# Preprocessing & visualization introduction

This chapter will guide you through the steps of data preprocessing and visualization. Pre-processing aims to address the following analysis steps: quality control, normalization, feature selection, and dimensionality reduction. 

This chapter will additionally introduce the advanced topics of ambient RNA, single nuclei and interactive visualization. 

The starting point of this notebook are raw sequencing data generated by sequencing machines which are processed and aligned to obtain matrices of molecular counts, so called count matrices, or read counts (read matrices). The difference between cound and read matrices depends on whether unique molecular identifiers (UMIs) were included in the single-cell library construction protocol. 

Read and count matrices have the dimension number of barcodes x number of transcripts. It is important to note that the term "barcode" is used here instead of "cell" as a barcode might wrongly have tagged multiple cells (doublet) or might have not tagged any cell (empty droplet/well). We will elaborate more on this in the next section "Doublet detraction & quality control". 

### Imports
Before we introduce the first pre-processing step of doublet detection and quality control, we import the respective packages from python and R. 

In [1]:
import warnings
warnings.filterwarnings('ignore')

import scanpy as sc
import numpy as np
import pandas as pd

import anndata2ri
import logging

import rpy2.rinterface_lib.callbacks as rcb
import rpy2.robjects as ro

sc.settings.verbosity = 0
rcb.logger.setLevel(logging.ERROR)

ro.pandas2ri.activate()
anndata2ri.activate()

%load_ext rpy2.ipython

In [2]:
%%R
library(Seurat)
library(scDblFinder)
library(scater)
library(BiocParallel)

### Dataset

In [3]:
adata = sc.read('cellranger_neurips21_bmmc.h5ad')
adata.var_names_make_unique()
adata

Variable names are not unique. To make them unique, call `.var_names_make_unique`.


AnnData object with n_obs × n_vars = 131515 × 36601
    obs: 'site', 'donor'
    var: 'gene_ids', 'feature_types', 'genome'

The dataset has the shape `n_obs` 131,515 x `n_vars` 36,601, so barcodes x number of transcripts. We additionally inspect some further information in `.obs` and `.var` which we will neglect for now. 

# 2.1 Doublet Detection

Doublets are defined as two cells that are sequenced under the same cellular barcode, so for example if they were captured in the same droplet. We therefore used so far the term "barcode" instead if "cell". A doublet is called homotypic if it is formed by the same cell type (but from different individuals) and heterotypic otherwise. Homotypic doublets are not necessarily identifiable from count matrices and are often considered innocuous as they can be identified with cell hashing or SNPs. Hence, their identification is not the main goal of the doublet detection methods. 

Doublets formed from different cell types or states are called heterotypic. Their identification is crucial as they are most likedly misclassified and can lead to distorted downstream analysis steps. Hence, doublet detection and removal is typically an initial preprocessing step. Doublets can be either identified through their high number of reads and detected features, or with methods that create atrifical doublets and comparing these with each cell. Doublet detection methods are computationally efficient and several software packages exist for this analysis them. To mention a few: *scDblFinder*,  *scds*, *DoubletFinder* or *scran’s doubletCells*. These methods are not yet benchmarked  in an independent comparison, but compared in a pipeline setting by {cite}`germain_pipecomp_2020` that collects several preprocessung steps. scDblFinder showed to enhance downstream clustering results. 

#### scDblFinder

It proved to be benefical and computationally efficient with software packages such as *scDblFinder* or *scds*. We will demonstrate the usage of scDblFinder which is a Bioconductor package working on raw count matrices. 

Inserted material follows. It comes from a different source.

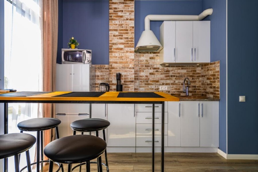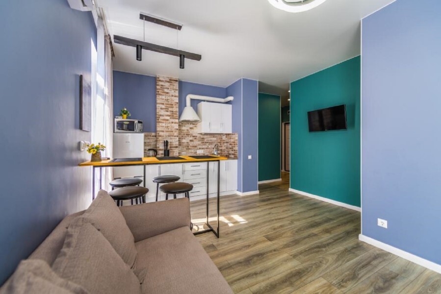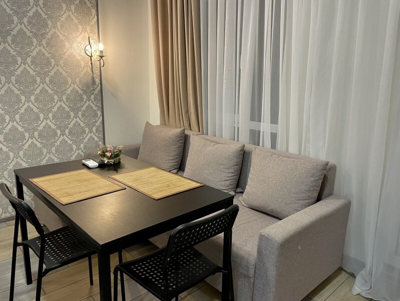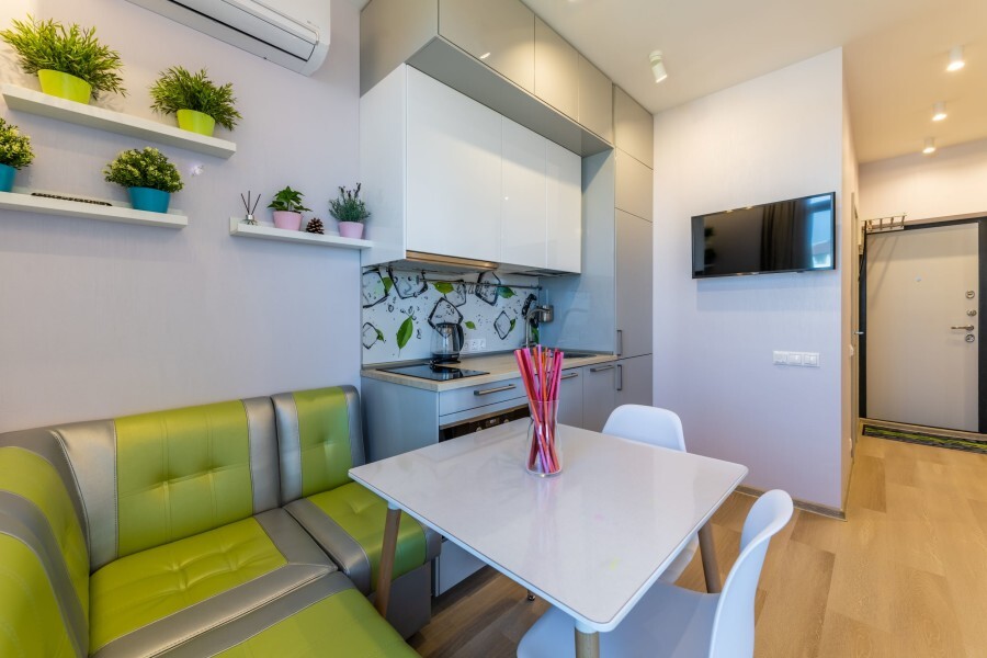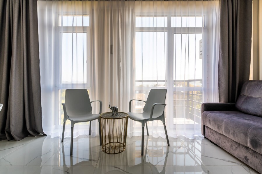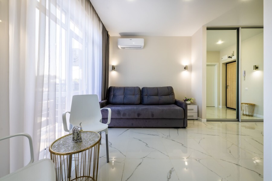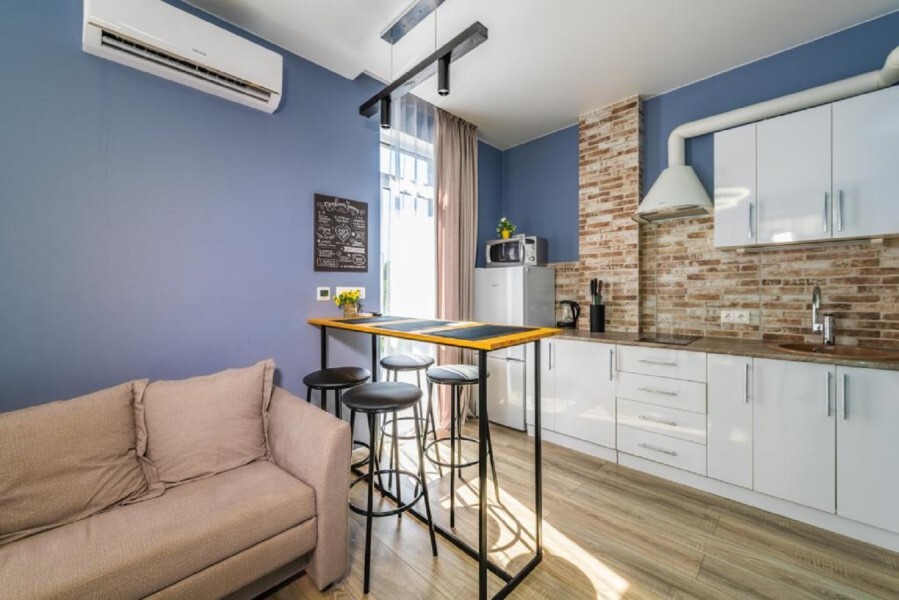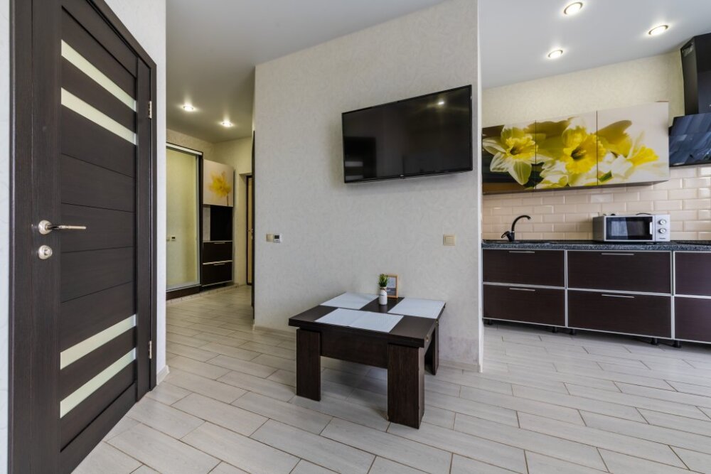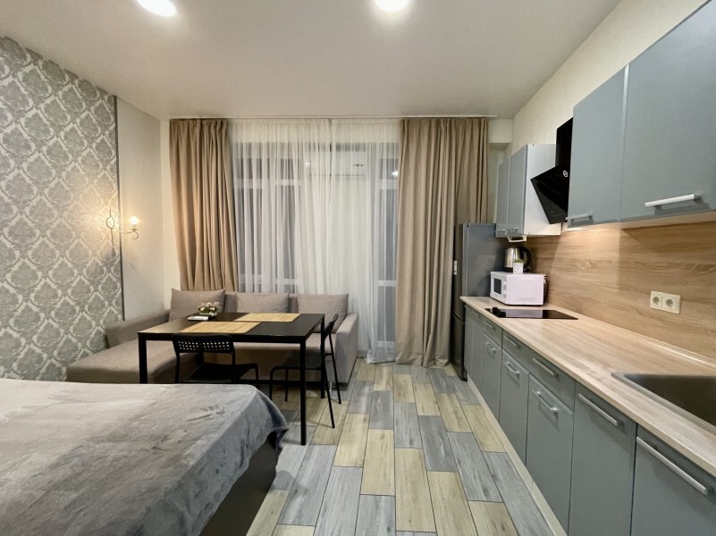 Современное десятиэтажное здание отеля, оснащенное лифтом, разместилось в курортной зоне «Сириус». В распоряжении гостей комфортабельные Апартаменты, оснащенные кухней и собственной ванной комнатой. В номерах стильный лаконичный интерьер, есть вся необходимая техника. Помимо кухонной техники, в апартаментах есть плазменный телевизор, фен, кондиционер и стиральная машина. Некоторые номера оборудованы балконами, откуда открываются красивые виды на море.

The scDblFinder R package collects several methods for the detection of doublets in scRNA-seq data and identifies heterotypic doublets which are in many cases also the most critical ones as stated above. 

scDblFinder can be used for datasets with multiple samples. It will use this information to generate artificial doublets and the nearest neighbors are identifies for each sample separatly. The overall scoring is then performed globally and sample-specific doublet rates will be considered for the threshold.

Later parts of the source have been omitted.